Directions:
Quote the lines of the data below verbatim, beginning at the line that contains "Details: Fore! Keep" and ending at the last line, both included, and excluding pictures.

[Data items]
····················

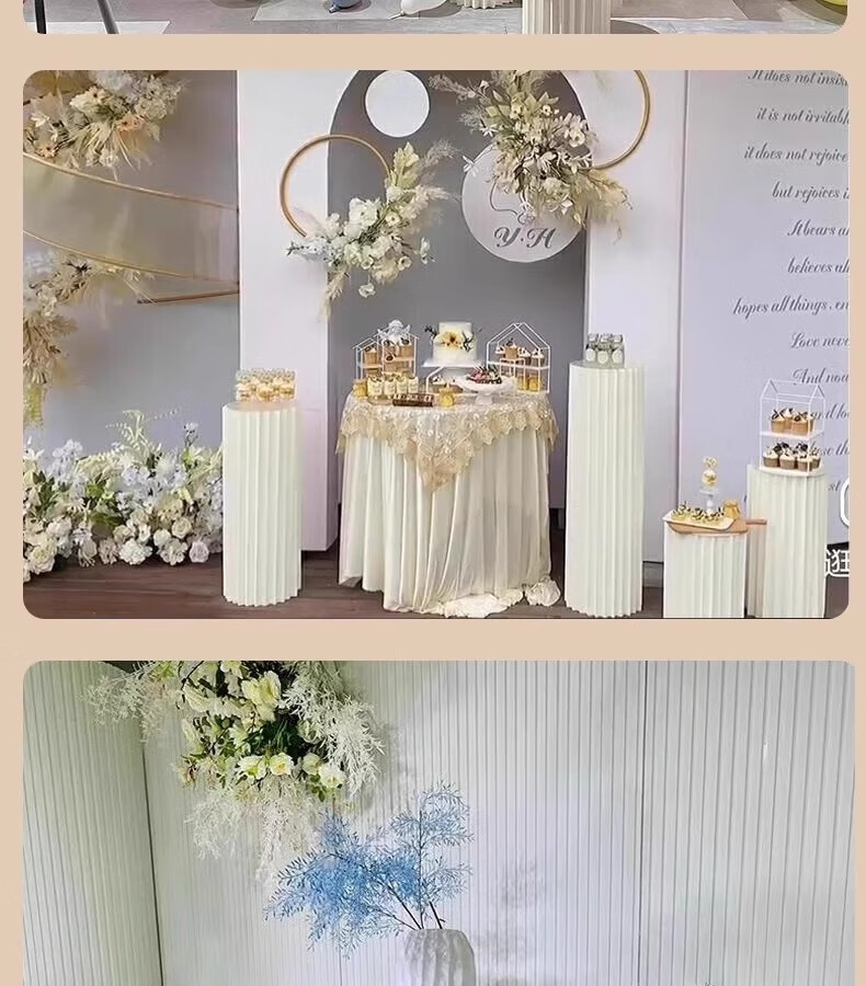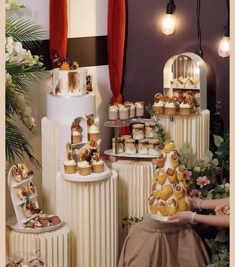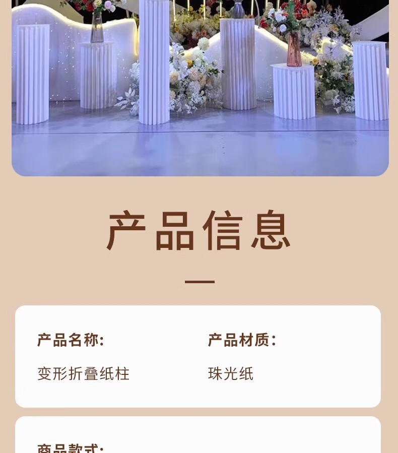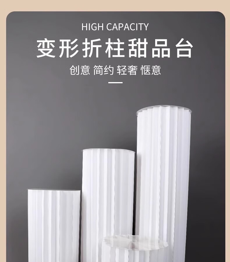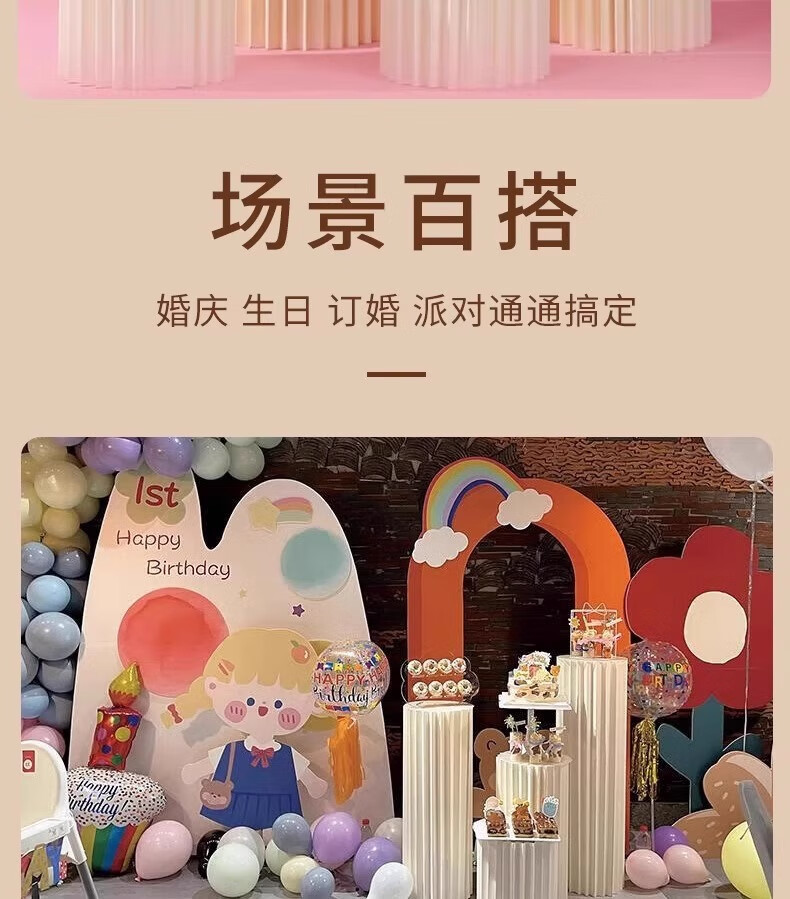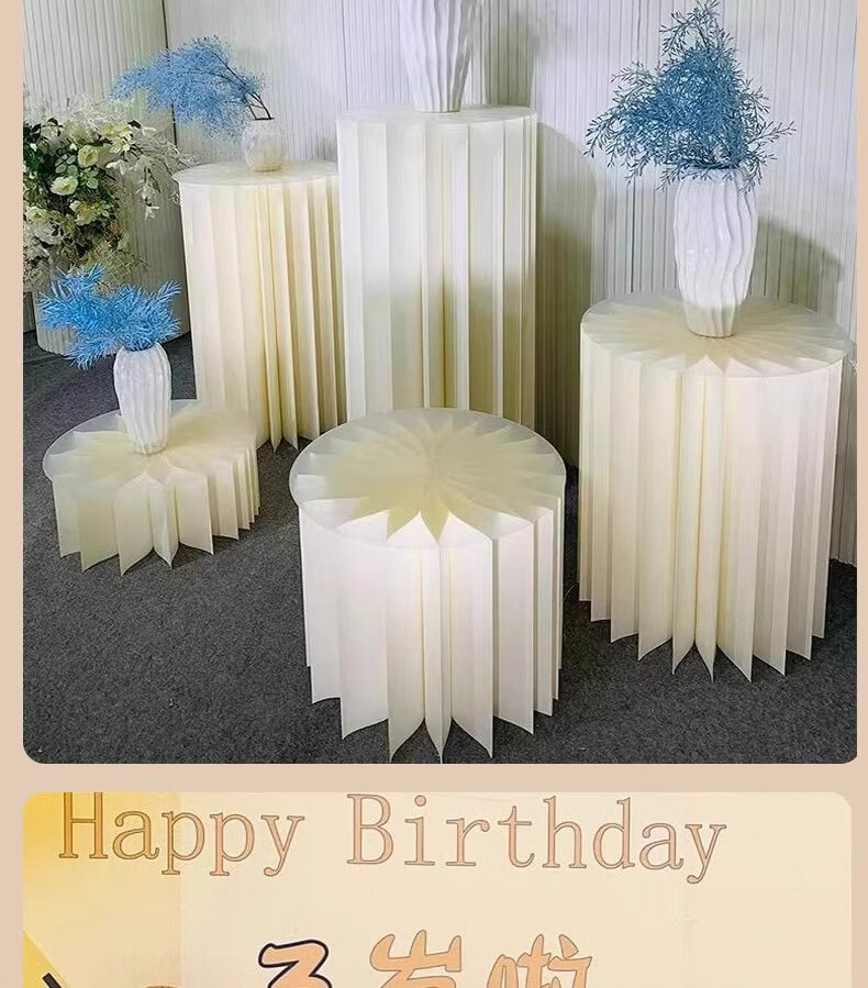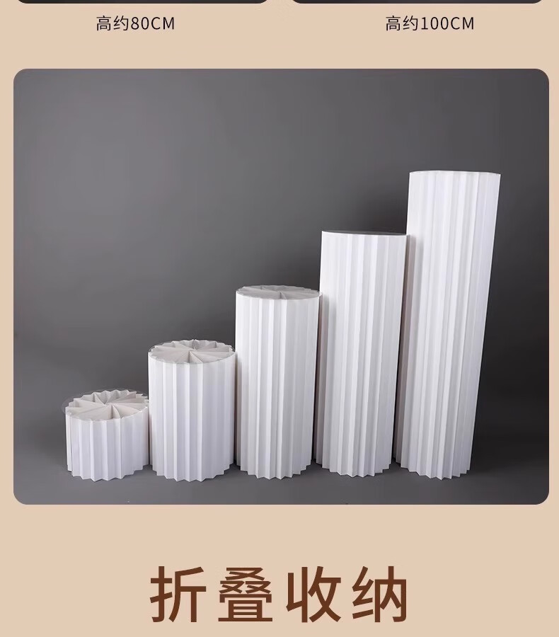 抓周道具用品折叠甜品台婚庆摆件罗马柱路引圆柱立柱橱窗折纸装饰柱子 直径30高40/60/80厘米送面板
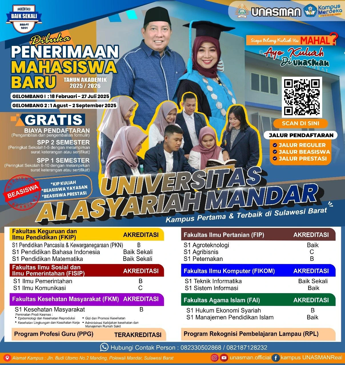Selamat datang di Universitas Al Asyariah Mandar (UNASMAN) — kampus unggulan di Sulawesi Barat yang berkomitmen mencetak generasi muda berilmu, berakhlak, dan berdaya saing global.
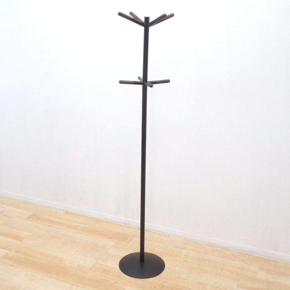 > ポールハンガー ハンガーラック 直径335mm 高さ175cm コートハンガー 木目 ブラック 収納 玄関 応接室 YH15966 中古オフィス家具
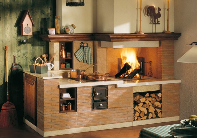 Пристенно-угловой камин из кирпичей, обработанных вручную. Столешница из полированного мрамора Giallo dIstria. Дровяная печь из стали и чугуна. Левое исполнение.
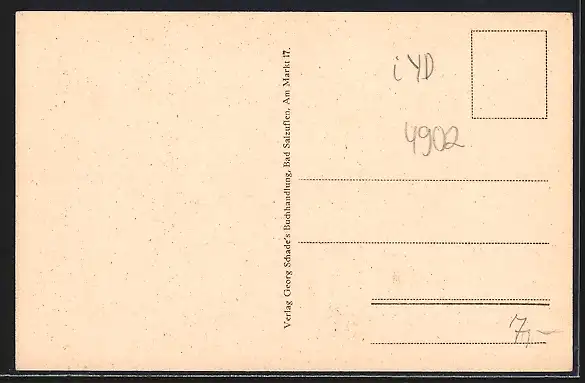 Personenbezogene Daten auf der Rückseite der Karte wurden durch blauen Textmarker unkenntlich gemacht. Die blauen Stellen sind auf die Vorderseite durchgeweicht und wirken sich negativ auf das Postkartenfoto aus
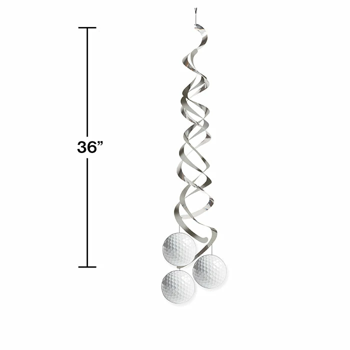 Details: Fore! Keep your head up and watch out for the Golf Deluxe Danglers. The hanging decorations feature silver foil swirls with cutouts of golf balls attached at the ends. These danglers coordinate seamlessly with other Golf Deluxe party supplies. With discount pricing, our Golf Deluxe Danglers are perfect for event planners, caterers, and home hostesses alike. For this price, you get one package containing (2) Golf Deluxe Danglers. Approximate Dimensions: 36 in
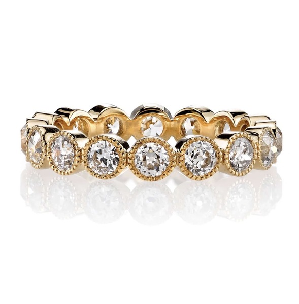 A beautifully handcrafted eternity band by Single Stone, featuring 1.68 carats total weight of antique old European cut diamonds. Each stone is individually bezel-set in rich 18K yellow gold, creating a timeless silhouette that feels both substantial and refined.

····················

Result:
 Details: Fore! Keep your head up and watch out for the Golf Deluxe Danglers. The hanging decorations feature silver foil swirls with cutouts of golf balls attached at the ends. These danglers coordinate seamlessly with other Golf Deluxe party supplies. With discount pricing, our Golf Deluxe Danglers are perfect for event planners, caterers, and home hostesses alike. For this price, you get one package containing (2) Golf Deluxe Danglers. Approximate Dimensions: 36 in
 A beautifully handcrafted eternity band by Single Stone, featuring 1.68 carats total weight of antique old European cut diamonds. Each stone is individually bezel-set in rich 18K yellow gold, creating a timeless silhouette that feels both substantial and refined.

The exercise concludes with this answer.